I’m saddened to see some of our customers go, as we’ve become friends after (in some cases) over a decade of tireless effort to keep the system operating non-stop 24x7.
And, now what?
It’s my goal to first try a last minute Hail Mary pass to find a good home for the technology and the team, but we only have a few weeks for that. If you know anybody that may be interested, let me know right away! I’m also helping our customers find replacement vendors, migrate their data, and helping the team find new jobs.
However, I’ve initiated the legal process of shutting down, which will take anywhere between one to two months, so our doors will soon be closed. [Update: the Mercantile Court num 3 of Valencia on September 10, 2021 declared and concluded the voluntary shutdown 559/2021 in proceeding num 330/2021, ratified on November 5, 2021 via N.I.G.: 46250-66-1-2021-0002735].
I’m disappointed that I couldn’t produce a better outcome for those who supported me the most —my family and my team. It doesn’t matter that it was because of Covid19, and that hundreds of thousands of companies in Spain have shut down for the same reason in the last few months. Or that surviving sixteen years in business can be considered a success in itself.
The fact remains that I not only failed to find ways to grow but to keep the company going.
I am extremely grateful to have had the chance to work with such an amazing group of people. It’s easy to enjoy working when the ship is taking off like a rocket, when the company pays above industry average, has a 4-day work-week, you have standing meetings in the pool, and nobody has to check in or out. It’s a whole different thing to remain friends and working together as a team when the ship is on fire, money runs out, and customers call on a Saturday at 2am. Yet, they’ve supported me throughout the ups and downs, especially the downs. As a matter of fact, Kanteron shuts down with 4.9 stars out of 5 in Glassdoor, and a CEO (me) rating of 100%.
With that said, life goes on. Time to lick the wounds, and get up from the floor. I have a personal motto, the Japanese proverb ‘Fall down seven times and get up eight’. So here we go again, more experienced and motivated than ever.
As for what’s next for me, I have no idea. This is the first time in sixteen years I’ve been at a crossroads like this. But after seeing the outpouring of support I’m receiving on LinkedIn, something tells me I will be alright.

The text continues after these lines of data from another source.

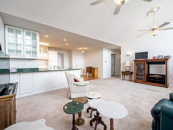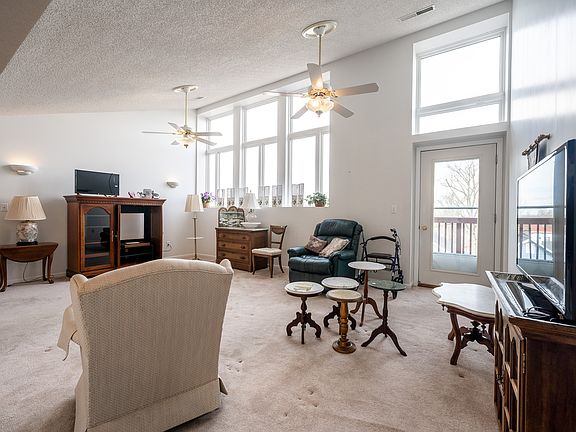 Downtown Greencastle condo with amazing views of rooftops and countryside to the north. This condo is within walking distance to DePauw University, the library, post office, butcher shop, restaurants and downtown shops. You will enjoy the convenience and quiet living in this 55+ community. This 2 bedroom unit features soaring cathedral ceilings, lots of natural light, balcony, dining area, formal living room, kitchen with breakfast bar & lots of cabinet space, & 2 full bathrooms. Laundry room in the primary suite. Both bedrooms have large closets & there is an attic space for additional storage. Comes with a parking space in the attached parking garage. Building has shared community room & grounds with mature trees. All appliances included.
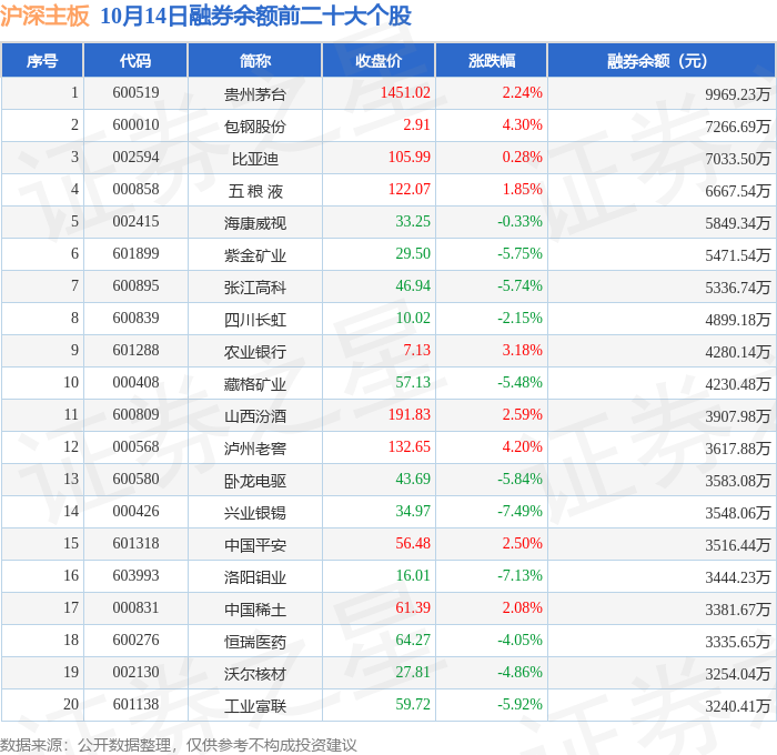 沪深主板融券余额前三分别为:贵州茅台(600519)融券余额9969.23万元、包钢股份(600010)融券余额7266.69万元、比亚迪(002594)融券余额7033.5万元,前20具体见下表:
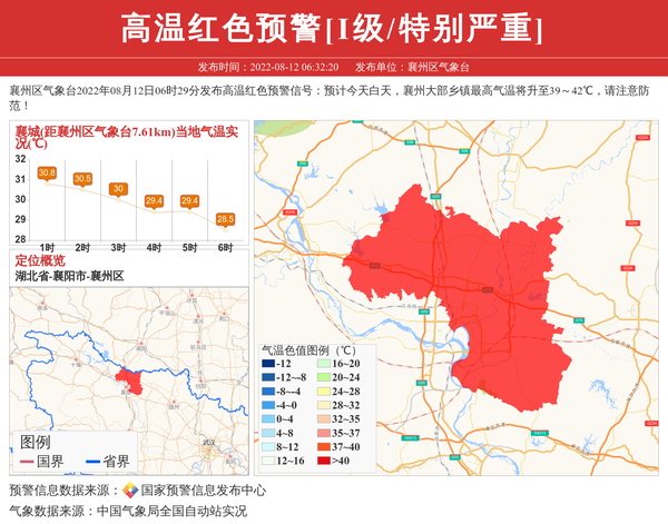 襄州区气象台2022年08月12日06时29分发布高温红色预警信号:预计今天白天,襄州大部乡镇最高气温将升至39~42℃,请注意防范! 信息来源:国家预警信息发布中心; 发布单位:襄州区气象台。
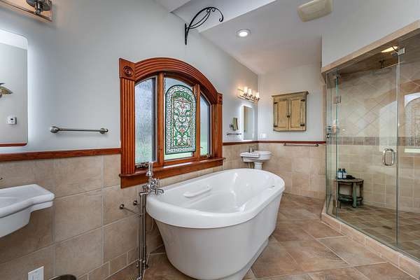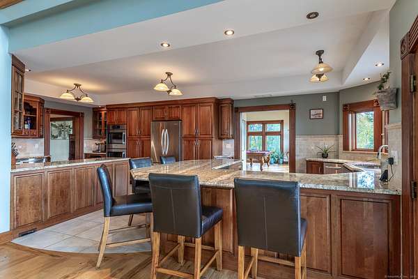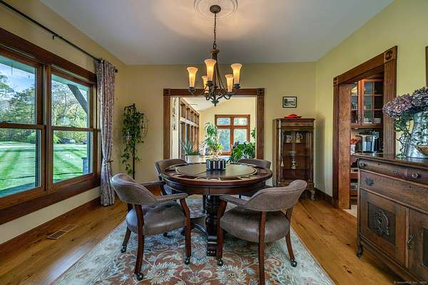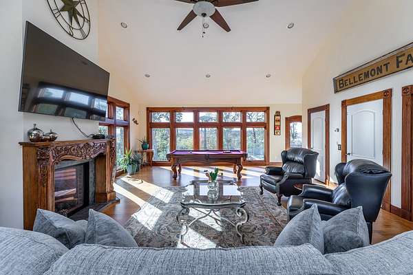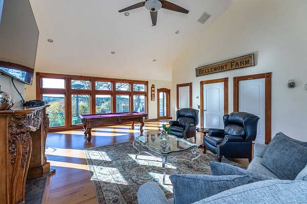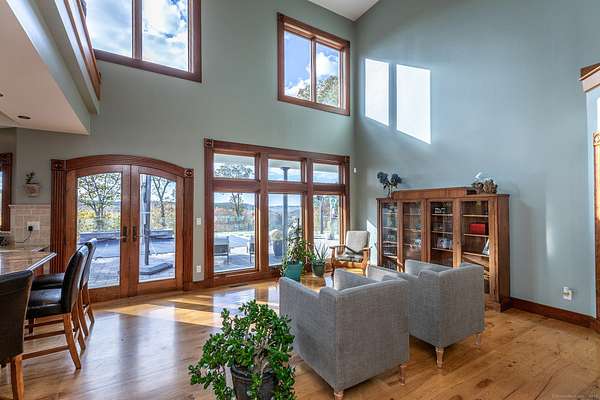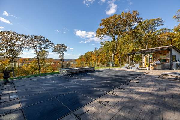 Perfectly positioned to capture breathtaking sunset views, this beautifully updated four-bedroom residence blends comfort, sophistication, and functionality. The home's chef-inspired kitchen features dual workstations and opens seamlessly to a cozy sitting area that extends outdoors to the pool and entertaining space. Here, you'll find a charming pool house, built-in grill, and bluestone patio-ideal for gatherings or quiet evenings under the stars. Inside, the great room impresses with walls of glass that flood the space with natural light and a fireplace that anchors the room with warmth and style. The main-floor primary suite offers a spa-like retreat with a soaking tub, separate shower, and dual walk-in closets. The main level also includes a formal dining room, a private office, and the convenience of a residential elevator providing easy access to all levels. Upstairs, there is an ensuite bedroom and two additional bedrooms that share a well-appointed bath. The finished lower level expands the living space with a full bath, laundry area, and flexible rooms perfect for a media room, gym, or recreation area. Set on a private 10+ acres featuring a picturesque pond and a detached barn ideal for a car enthusiast or hobbyist, this home offers the perfect balance of elegance, privacy, and modern living.
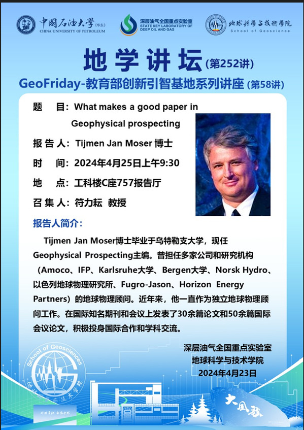 【地学讲坛第252讲】关于Tijmen Jan Moser 博士《What makes a good paper in Geophysical prospecting》学术报告的通知
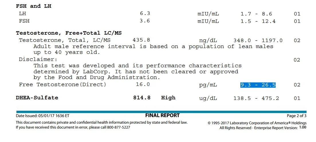 Response from LabCorp About Their Incorrect Unit Usages For Their Free Testosterone - Direct - Test
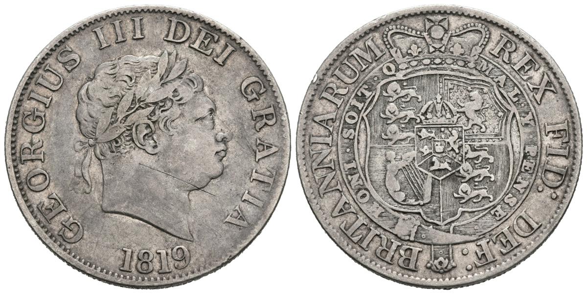 GRAN BRETAÑA. 1/2 Crown. (Ar. 13,86g/32mm). 1819. Georgius III. Londres. (Km#672). MBC-.
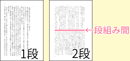 2段組みの設定や段の間の間隔を設定することが出来ます。
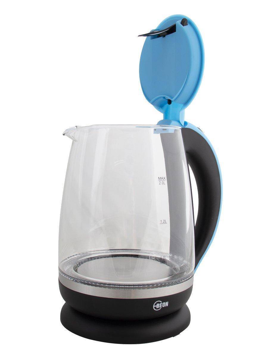Чайник BEON BN-3025 черный/голубой 2200Вт, 2,0л, стекло/нерж., LED
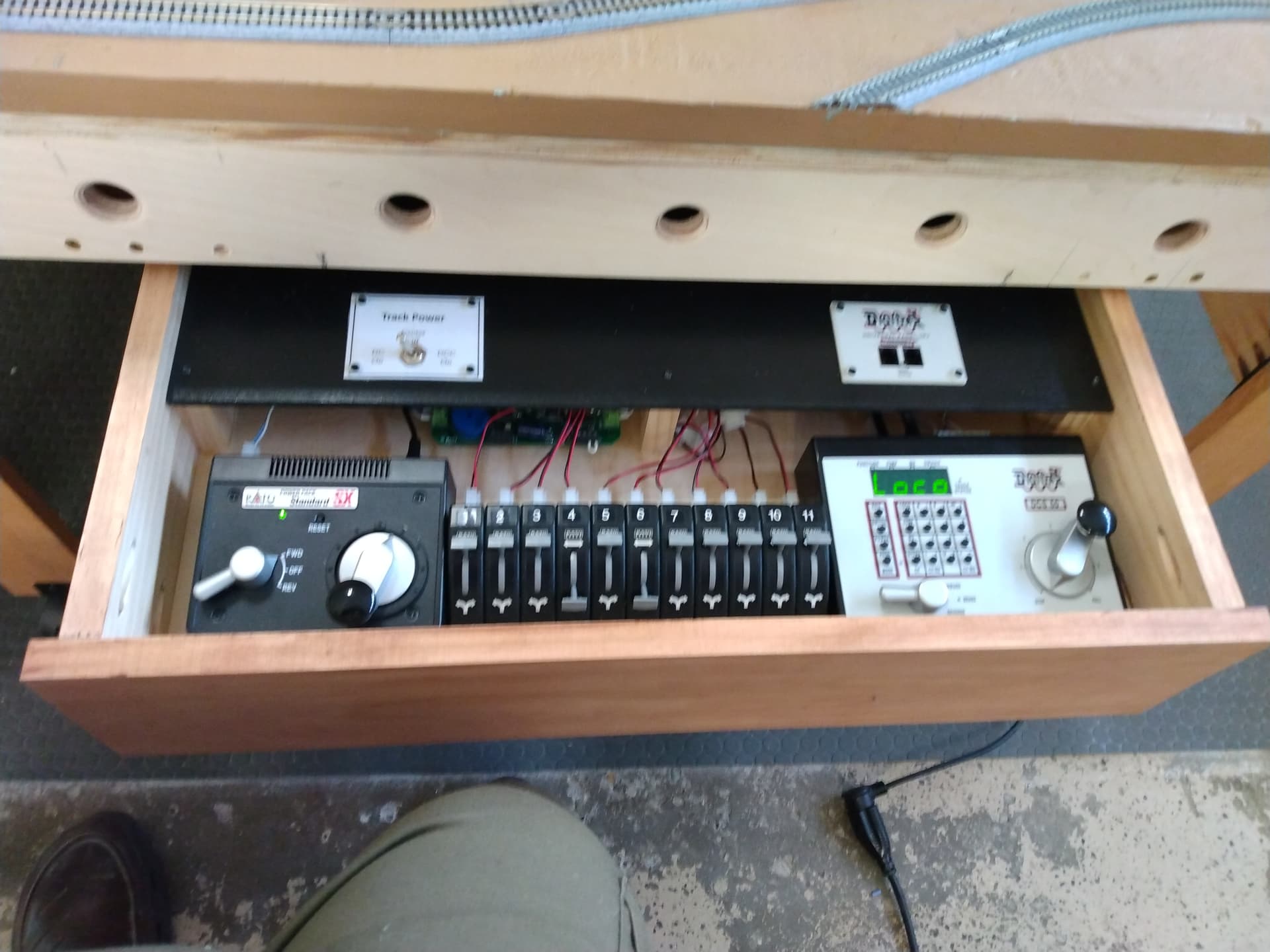 I designed a simple double track loop layout that consists of four 2’ by 4’ sections that fit together with clamps and aligning pins. There are also three spurs for industries and two short passing sidings in case I want to do some freight switching. Since I already have seven Kato passenger trains, I decided to go with Kato Unitrack. At the track joints between the sections, I remove the wings of the joiners to make it easier to connect the tracks. I have a drawer under one section with a Kato DC power supply and turnout controls and I am using an old Digitrax Zephyr DCS50 for DCC. There is a toggle switch that allows me to go between DC and DCC. And I have a Digitrax UR93 transceiver for a remote DT602D throttle.
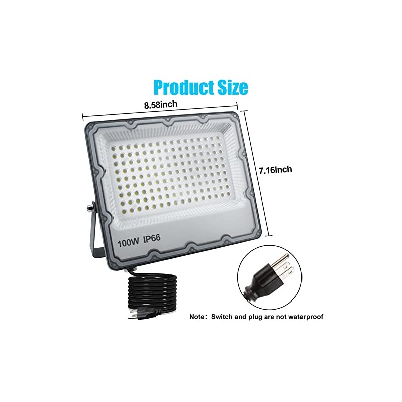 - ►【High Quality Material】 100W outdoor floodlight is made of high-quality aluminum + PC material, with a US standard plug, voltage: 110V 50/60HZ, with a 1.5-meter long cable, which is easy to use.
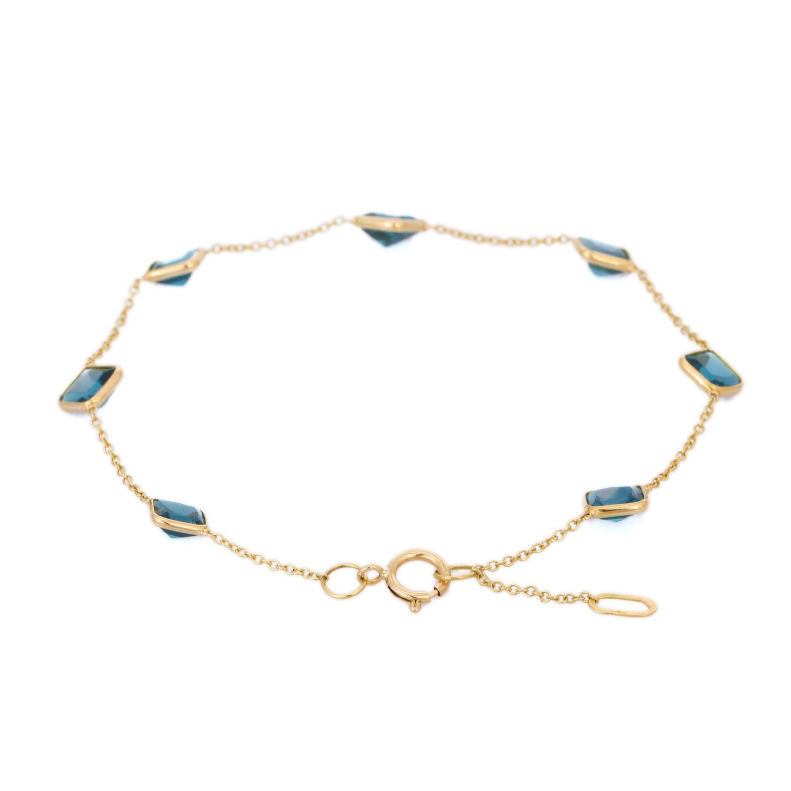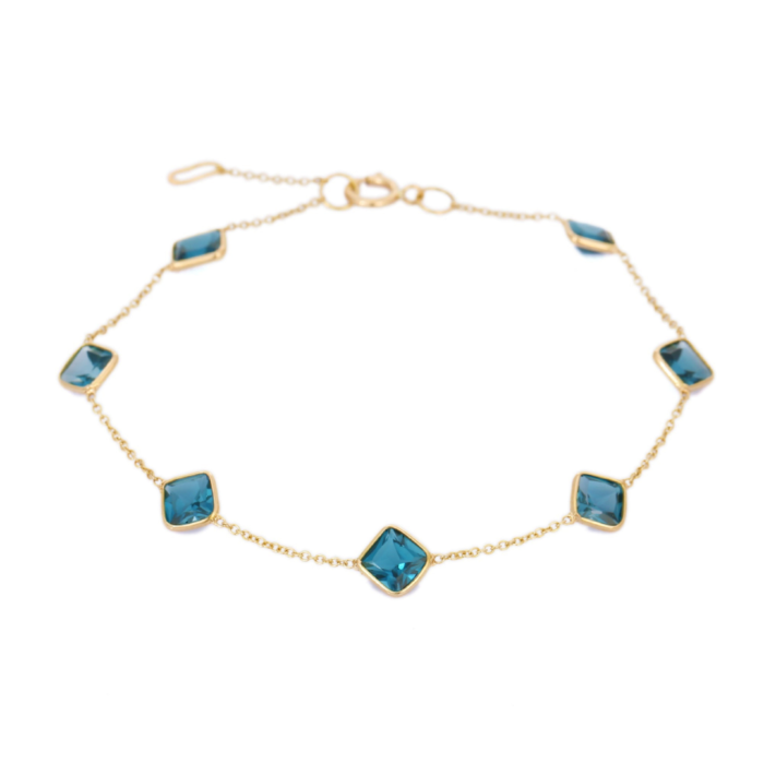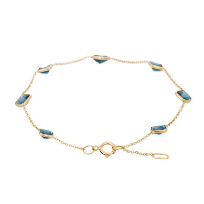Discover the enchanting beauty of our 14K Solid Gold Bracelet With Blue Topaz Gemstone. Crafted from 14K Solid Gold, this bracelet combines luxurious aesthetics with the captivating allure of natural gemstones.
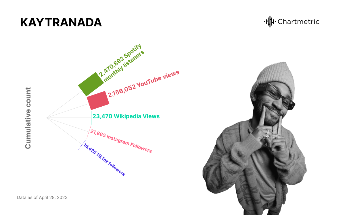 Another stand-out from this year’s lineup was KAYTRANADA, whose performance was a celebration of his unique blend of electronic and hip-hop music. The Canadian DJ and producer brought a high-energy set to the stage, showcasing his exceptional mixing skills and infectious beats. As the crowd danced along to hits like “Glowed Up” and “Lite Spots,” KAYTRANADA also used his slot to debut “KAYTRAMINÉ”, a musical project with rapper Aminé that rolled out at the beginning of April. With both the collaboration and a stellar Coachella performance, KAYTRANADA was able to boost his Spotify listening by nearly 50% (+2.4M), his TikTok following by 12% (+16.4K), as well as garner over 23K Wikipedia page views.
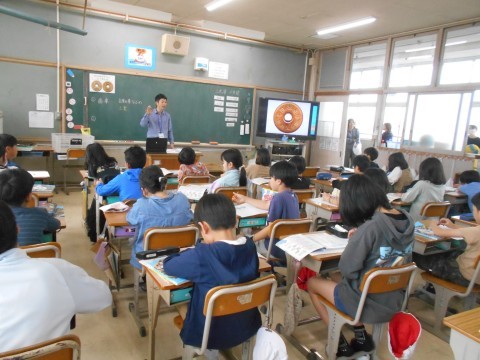 5年生は社会。「5円玉のデザイン」から日本人と稲作との関りについて学習していました。
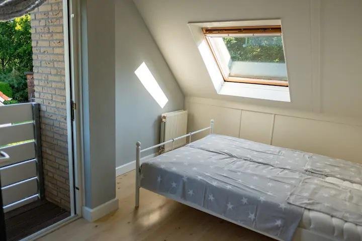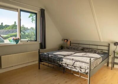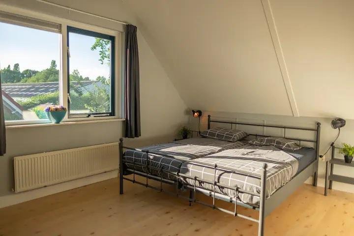 Op de bovenverdieping bevindt zich een slaapkamer met een tweepersoonsbed van 1,6 meter breed met 2 aparte matrassen, 2 kussens en 2 éénpersoonsdekbedden.

Whatever I end up doing, I hope I can help educate others about a path fraught with hardship, but rewarding nonetheless. As you’ve seen, I believe in absolute transparency. I don’t wish to glorify my failure. It’s something I’d rather embrace than hide behind for rest of my life.
Last but not least, to the Spanish Government, thank you for all the public services our taxpayer money helps fund, some of which have helped us at times. To the Open Source community, keep up the good work, you’re the giants on whose shoulders we stood on. To my team, I am eternally grateful. To my family, I could not have done this without you.
And to everyone who has supported us over the past sixteen years, from the bottom of my heart: thank you.